- Larkinsville Larkinsville
- Coordinates: 34°41′23″N 86°7′36″W﻿ / ﻿34.68972°N 86.12667°W
- Country: United States
- State: Alabama
- County: Jackson
- Time zone: UTC-6 (Central (CST))
- • Summer (DST): UTC-5 (CDT)
- ZIP code: 35766
- Area codes: 256 & 938
- GNIS feature ID: 121399

= Larkinsville, Alabama =

Larkinsville is a historic village and populated place in Jackson County, Alabama, United States. Founded in 1828 by David Larkin, it was incorporated into the nearby City of Scottsboro in the late 1960s. In 1895, Larkinsville had a population of 216. As late as 1940, the population was 320 according to the U.S. Census. The historic Blue Spring Cemetery is located one mile southwest of the old village center.

== History ==

David Larkin, third son born to a family of pioneers in Tennessee, established a trading post at Larkin's Landing on the Tennessee River near Goosepond Island shortly after Alabama gained statehood in 1819. In the 1820s, he established a plantation of 32,000 acres two miles west of present-day Scottsboro, and the village of Larkinsville developed around it. A post office was established in 1830, with David Larkin as postmaster, and Larkinsville became the most populous town in Jackson County up until the Civil War. The first overland route through Larkinsville, now known as the Old Stage Road or County Road 30 ran from Huntland, Tennessee, across Cumberland Mountain and ended at Larkin's Landing. In 1850 the Memphis and Charleston railroad extended its line through Jackson County; David Larkin, as a railroad commissioner, established a station at Larkinsville.

In the Civil War, Company K, the Larkinsville Guards, was organized in Larkinsville and served with the 4th Alabama Regiment under Captain A.C. Murray. The war devastated Larkinsville, as it did most of North Alabama. On June 30, 1862, shortly after the fall of Huntsville, the Tenth Wisconsin regiment occupied Larkinsville. As a stop along the strategically important railroad, Larkinsville would be occupied by Union forces for the remainder of the war, including the 13th Wisconsin, the 10th Iowa, the 116th Illinois, and the 101st U.S. Colored Regiment.

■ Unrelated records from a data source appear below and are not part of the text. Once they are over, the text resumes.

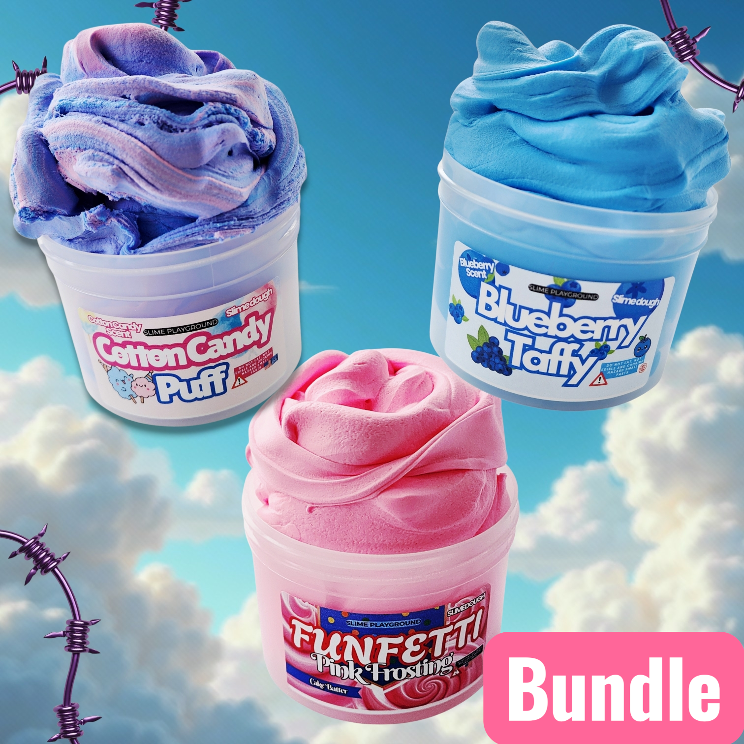 3 amazing slimes - Cotton Candy Puff, Blueberry Taffy and Funfetti.
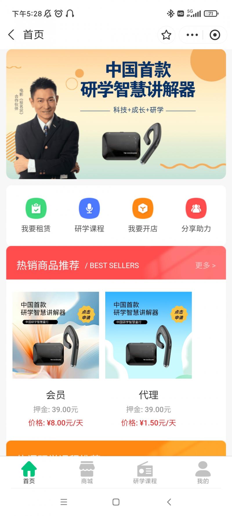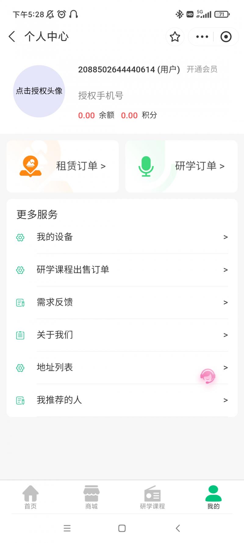 功能清单:授权登录、租赁订单、研学订单、我的设备、需求反馈、地址列表、我推荐的人等功能
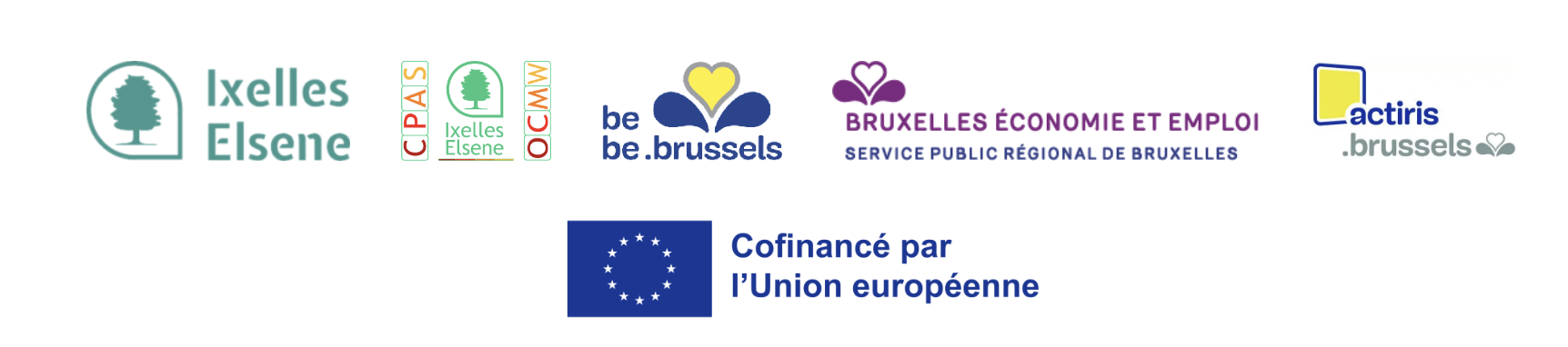 Ce dispositif de formation est rendu possible grâce au soutien du Fonds social européen (FSE), de la Région de Bruxelles-Capitale par l’intermédiaire du SPRB Bruxelles Économie et Emploi, d’Actiris, de la commune d’Ixelles et du CPAS d’Ixelles.

The postwar establishment of the county seat at Scottsboro began a gradual movement of people and business away from Larkinsville. The railroad kept the village alive into the 1930s, but Alabama State Road 35 and U.S. 72, the main east-west highways in Jackson county, bypassed Larkinsville entirely. Today the formerly thriving village remains a tiny rural community.